Başka hayat tarzlarına tahammülleri yok
BİR grup İslamcı faşist, Contemporary İstanbul'da sergilenen bir heykeli bahane ederek İstanbul Kongre Merkezi'ni bastı. Protesto edilen heykel, üzerinde Abdülhamid resmi bulunan mayo giymiş bir kadın heykeli. Baskıncı grup (ki Milli...
BİR grup İslamcı faşist, Contemporary İstanbul'da sergilenen bir heykeli bahane ederek İstanbul Kongre Merkezi'ni bastı.
Protesto edilen heykel, üzerinde Abdülhamid resmi bulunan mayo giymiş bir kadın heykeli.
Baskıncı grup (ki Milli Görüşçü olduklarını söylüyorlar) bundan dolayı “rencide olmuş”.
Sergi yönetimi, tatsızlığın büyümemesi için heykeli önce depoya kaldırmış, ortalık yatışınca yine yerine koymuş.
Daha sonra baktım, tutuklanan, hakkında soruşturma başlatılan kimse yok.
Bir sergiyi basıyorlar, olay çıkarıyorlar, insanları tehdit ediyorlar ve kimse hakkında bir işlem yapılmıyor.
Niye?
Sebebi basit: Devletin yukarıdan aşağıya birçok kademesi de onlar gibi düşünüyor.
Vatandaşların haklarını korumak bu beyler için hiç önemli değil.
Bir sanat eserinden rencide olacak kadar hassas ruhlular ama sıra bireysel özgürlükleri korumak, sanatın özgürce icra edilmesini sağlamak olunca taş kesilebiliyorlar.
Ve böyle olaylar sürekli birbirini tekrarlıyor.
Saldırganlar da ceza almadıklarını, yaptıklarının yanlarına kâr kaldığını gördükçe daha da azgınlaşıyorlar.

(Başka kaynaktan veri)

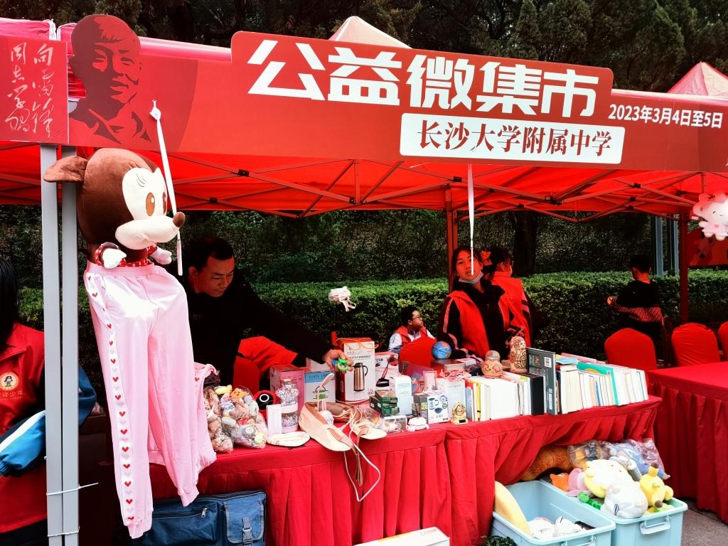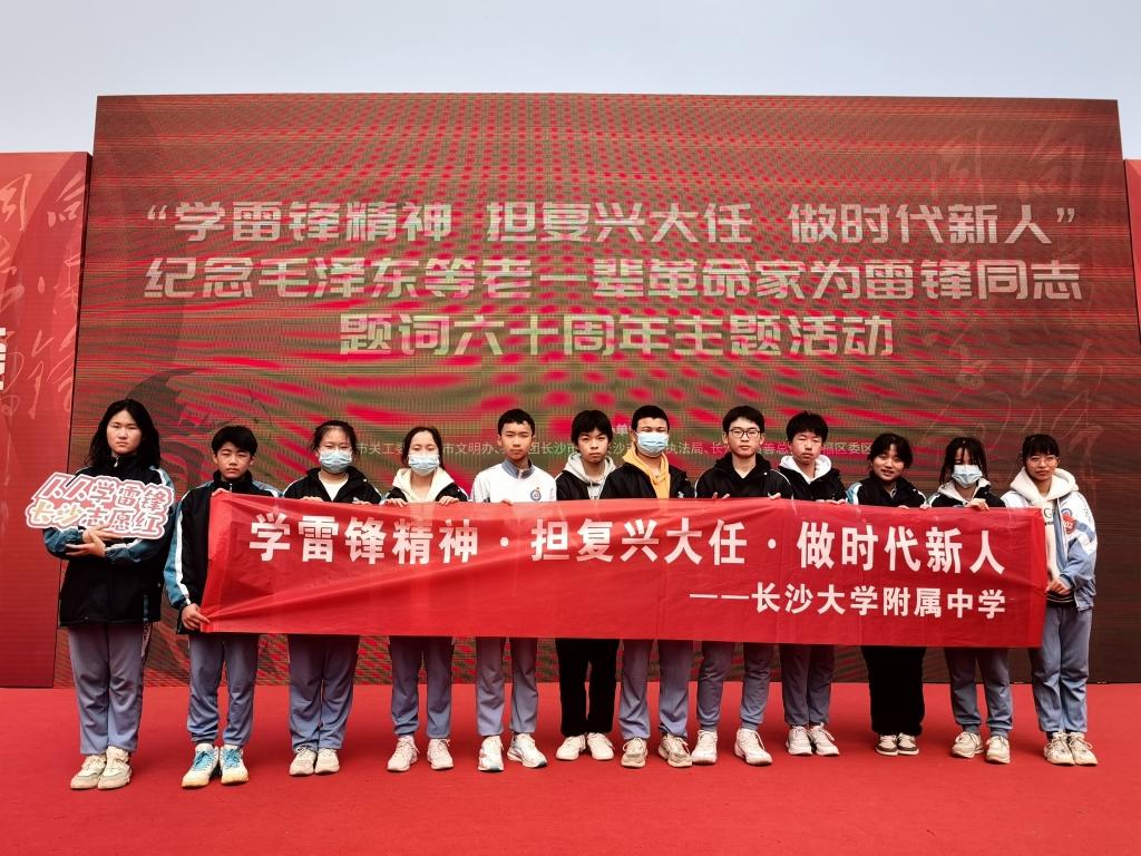 3月4日上午,由长沙市关工委、市文明办、团长沙市委、市城管局、市慈善总会、开福区委区政府主办,长沙市星城学雷锋志愿服务发展中心等单位联合承办的“学雷锋精神·担复兴大任·做时代新人”——纪念毛泽东等老一辈革命家向雷锋题词六十周年主题活动在湖南烈士公园举行。作为“雷锋少年”项目示范学校,我校团委积极组织了初一和初二年级的雷锋少年们参加了此次爱心义卖和徒步打卡活动。

Yarın da mesela birimizin giysisinden, saç tarama şeklinden rencide olabilirler kolaylıkla.
Çünkü kendileri gibi olmayana, kendileri gibi düşünmeyene tahammülleri yok.
“Hayat tarzlarına karışmayız” demeyi pek seviyorlar ama ortada karışacak hayat tarzı bırakmamak için de ellerinden geleni yapıyorlar.
Siz ‘Batı korkuyor’u bırakın, Müslüman memleketlere bir bakın.